What is being asked :: The line containing "Татуировка мужская графика" marks the end: extract everything from the first line of the data through that line, exactly, with no pictures.

[Data block — start]

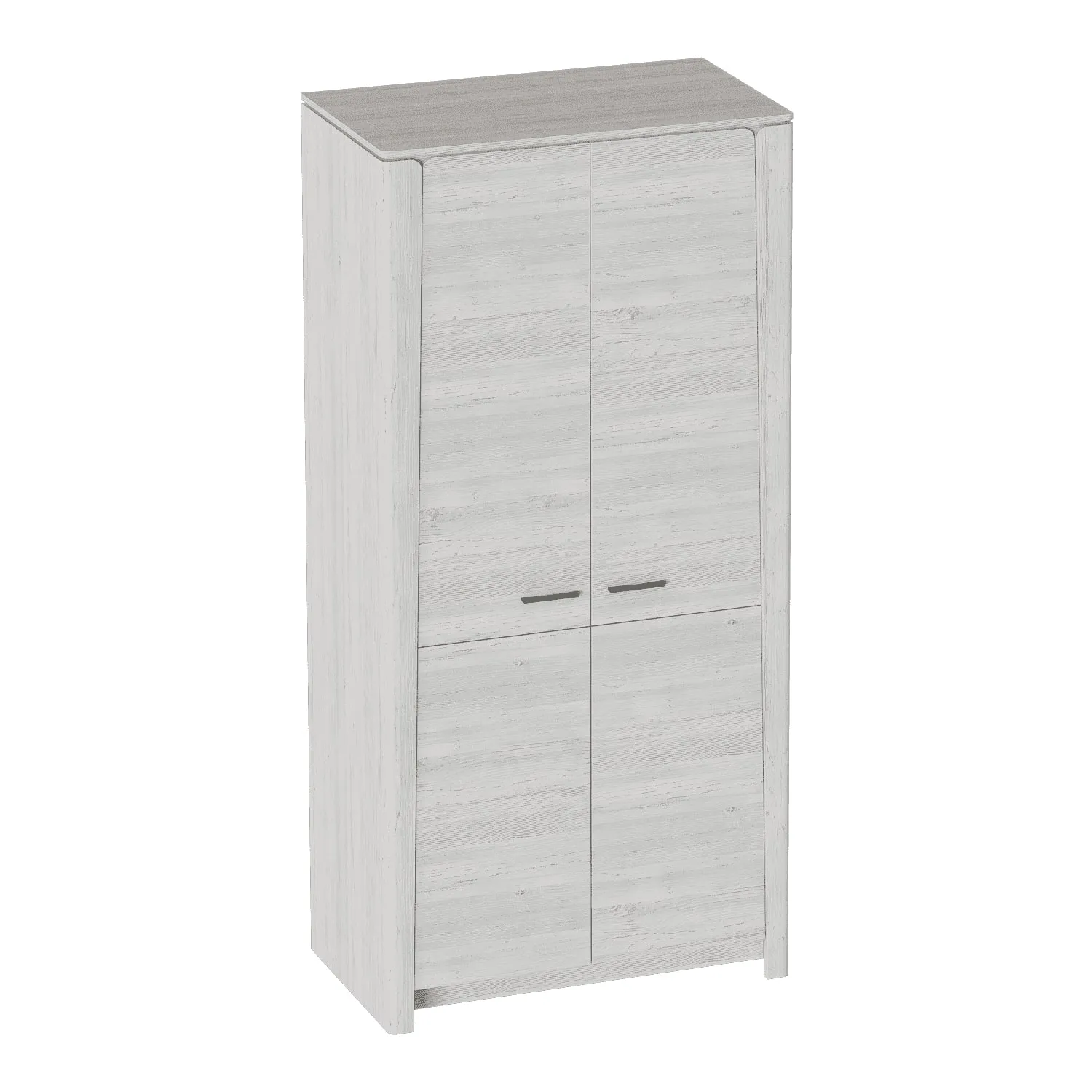 Внутреннее пространство шкафа разделено полкой на платяное с продольной стальной штангой и верхнее отделение для хранения белья. Фасады выполнены из МДФ, преимуществами данного материала являются влагостойкость, экологичность, гипоаллергенность, надёжность и долгий срок эксплуатации.
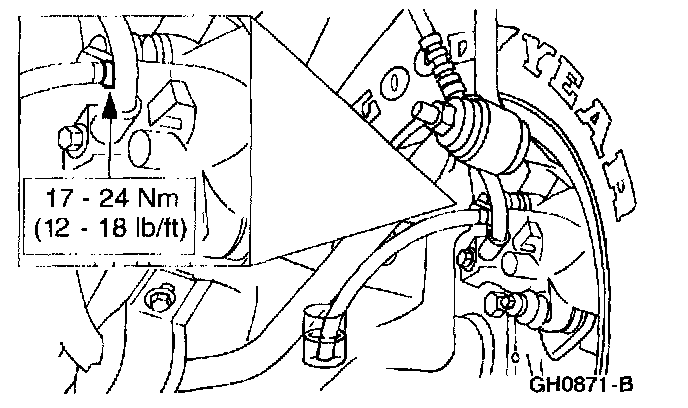 2. Loosen the rear most brake tube fittings until a stream of brake fluid comes out. While the assistant maintains pressure on the brake pedal tighten the brake tube fitting
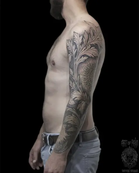Татуировка мужская графика тату-рукав растения и орнамент (Надежда Полякова) 4757
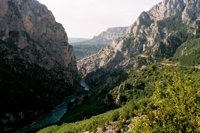 Budzę się o godz. 7.15. W worku biwakowym jest ciemno, natomiast gdy go otwieram od razu wita mnie dzień. Cisza aż dzwoni w uszach. Szybko zwijam legowisko, trochę pływam w jeziorze, później raczę się grochówką z bagietką. Ruszam. Przejeżdżam trochę ponad kilometr i zaczyna się łagodny podjazd. Docieram do uroczej wioski Aiguines. Trochę tu fotografuję – ładne witryny sklepów, ciekawe szyldy reklamujące np. „miel” czyli miód z pyłku lawendowego lub „chevre” – marynowany kozi ser, malownicze zaułki pełne kwiatów. Aiguines jest też stolicą boules, to tutaj w XVI w. powstały pierwsze bukszpanowe kule do gry. Im wyjeżdżam wyżej, tym rozciągają się piękniejsze widoki na kanion Verdon. Podjazd jest długi, ma aż 12,5 km. Droga bardzo często prowadzi przy skalnych ścianach, nad głębokimi przepaściami. Mijam kilka punktów widokowych. Przy jednym z nich obserwuję alpinistów, wspinających się po pionowych skałach. To jeden z europejskich rajów dla miłośników tego sportu. Pokonuję krótki tunel i dojeżdżam do kolejnej atrakcji na trasie wokół kanionu – Artuby, najwyżej położonego mostu Europy zawieszonego 180 metrów nad przepaścią. Przejeżdżam przez niego i znów muszę jechać pod górę. Niewiele dalej jest kolejne atrakcyjne miejsce na trasie – Balcons de la Mescla. Jest to punkt widokowy, z którego można podziwiać głęboko w dole przełom rzeki Verdon. Tutaj żegnam się z Verdon. W niemiłosiernym upale zdobywam ostatnią już na mojej trasie przełęcz wznoszącą się ponad 1000 m n.p.m. Stąd 10 km łagodnego zjazdu do wioski Comps-s-Artuby, gdzie robię sobie dłuższą przerwę odpoczywając w cieniu rozłożystego kasztanowca. Rozmawiam chwilę z motocyklistą, który zatrzymał się tu by coś przekąsić. Kolejny facet, który próbuje podnieść mój rower, a gdy mu się ta sztuka nie udaje stwierdza, że jestem szalony. Jadąc przeważnie w dół docieram do Draguignan, gdzie wybieram trasę D557. Mijam Flayosc i tuż przed zmrokiem docieram do Salernes. Gdy na miejscowym kempingu dowiaduję się, że za nocleg trzeba zapłacić 10 euro, jadę jeszcze parę kilometrów i nocuję w zagajniku tuż przy drodze. Cicho, spokojnie, bezpiecznie, a przede wszystkim za darmo.

[Data block — finish]

Result of this exercise ::
 Внутреннее пространство шкафа разделено полкой на платяное с продольной стальной штангой и верхнее отделение для хранения белья. Фасады выполнены из МДФ, преимуществами данного материала являются влагостойкость, экологичность, гипоаллергенность, надёжность и долгий срок эксплуатации.
 2. Loosen the rear most brake tube fittings until a stream of brake fluid comes out. While the assistant maintains pressure on the brake pedal tighten the brake tube fitting
Татуировка мужская графика тату-рукав растения и орнамент (Надежда Полякова) 4757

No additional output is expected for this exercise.